==== WORKING DATA
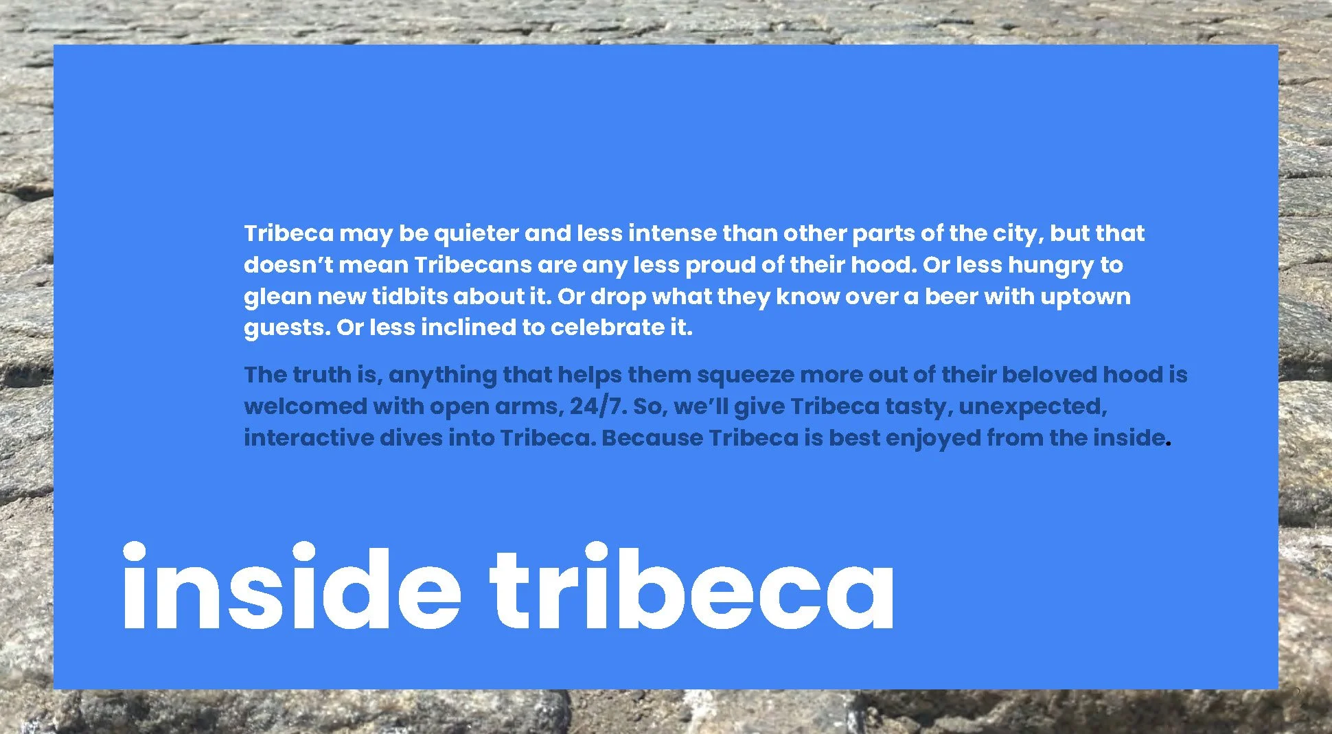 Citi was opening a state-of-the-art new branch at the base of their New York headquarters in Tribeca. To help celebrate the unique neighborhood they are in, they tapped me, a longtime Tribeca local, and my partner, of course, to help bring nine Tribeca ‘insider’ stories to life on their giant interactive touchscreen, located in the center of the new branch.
========
==== WORKING DATA
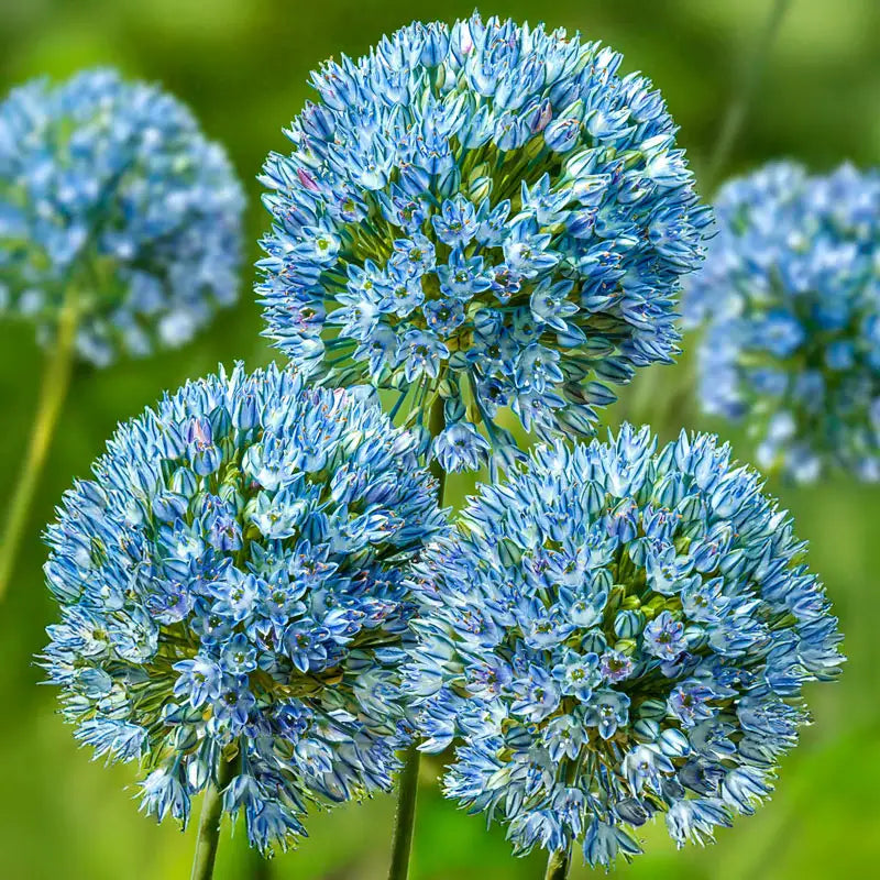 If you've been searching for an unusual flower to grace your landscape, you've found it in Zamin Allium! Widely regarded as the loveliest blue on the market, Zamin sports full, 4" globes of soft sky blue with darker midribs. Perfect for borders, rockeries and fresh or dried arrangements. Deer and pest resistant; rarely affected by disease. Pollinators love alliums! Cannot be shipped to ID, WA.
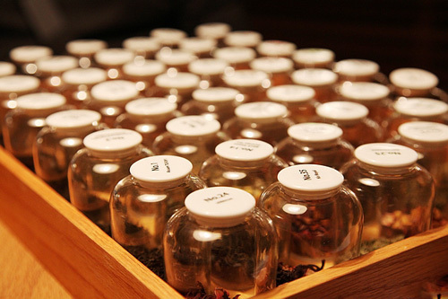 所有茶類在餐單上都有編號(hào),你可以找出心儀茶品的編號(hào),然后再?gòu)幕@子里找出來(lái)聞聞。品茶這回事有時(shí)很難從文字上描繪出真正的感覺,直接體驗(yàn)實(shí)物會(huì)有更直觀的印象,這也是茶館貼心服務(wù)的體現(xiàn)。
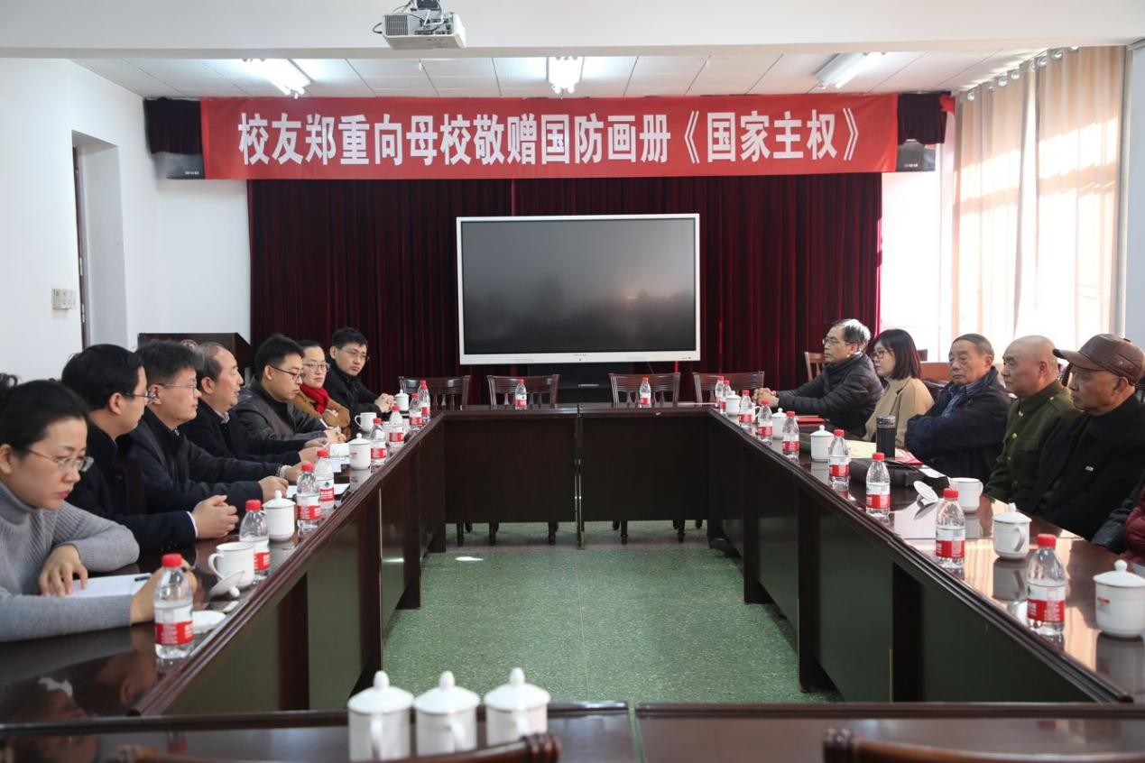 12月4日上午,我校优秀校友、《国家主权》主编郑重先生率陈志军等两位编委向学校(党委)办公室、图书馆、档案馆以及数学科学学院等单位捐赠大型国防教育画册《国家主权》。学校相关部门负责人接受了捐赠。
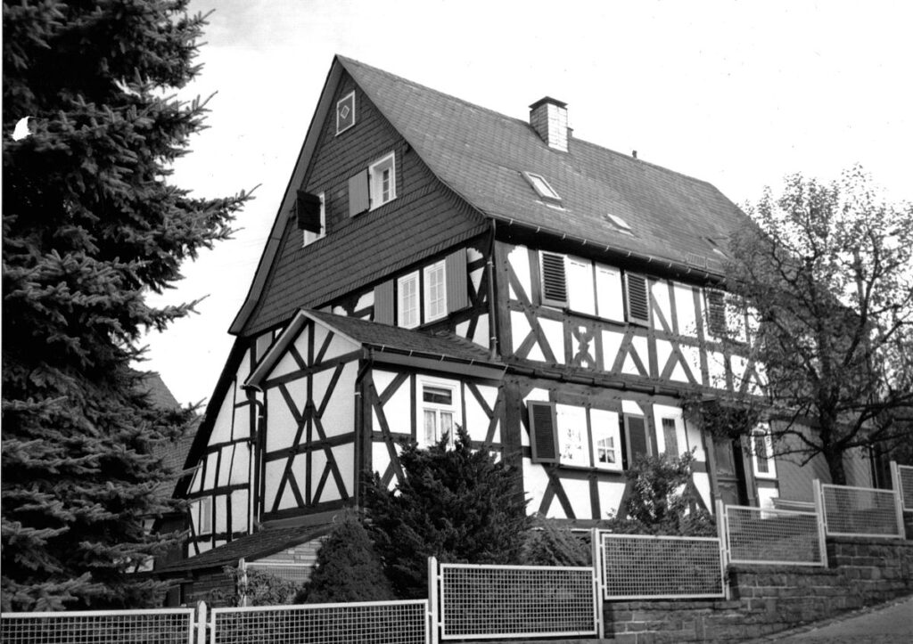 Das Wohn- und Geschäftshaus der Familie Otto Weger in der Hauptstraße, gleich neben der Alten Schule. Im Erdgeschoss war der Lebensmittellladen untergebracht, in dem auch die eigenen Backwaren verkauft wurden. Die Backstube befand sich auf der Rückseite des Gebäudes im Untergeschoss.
========
- _WORK TO BE COMPLETED_: Keep to the lines above from the line with "12月4日上午,我校优秀校友" to the line with "Das Wohn- und", and set down exactly those, inclusive, with nothing else and every picture left out.

- _TASK SOLUTION_:
 12月4日上午,我校优秀校友、《国家主权》主编郑重先生率陈志军等两位编委向学校(党委)办公室、图书馆、档案馆以及数学科学学院等单位捐赠大型国防教育画册《国家主权》。学校相关部门负责人接受了捐赠。
 Das Wohn- und Geschäftshaus der Familie Otto Weger in der Hauptstraße, gleich neben der Alten Schule. Im Erdgeschoss war der Lebensmittellladen untergebracht, in dem auch die eigenen Backwaren verkauft wurden. Die Backstube befand sich auf der Rückseite des Gebäudes im Untergeschoss.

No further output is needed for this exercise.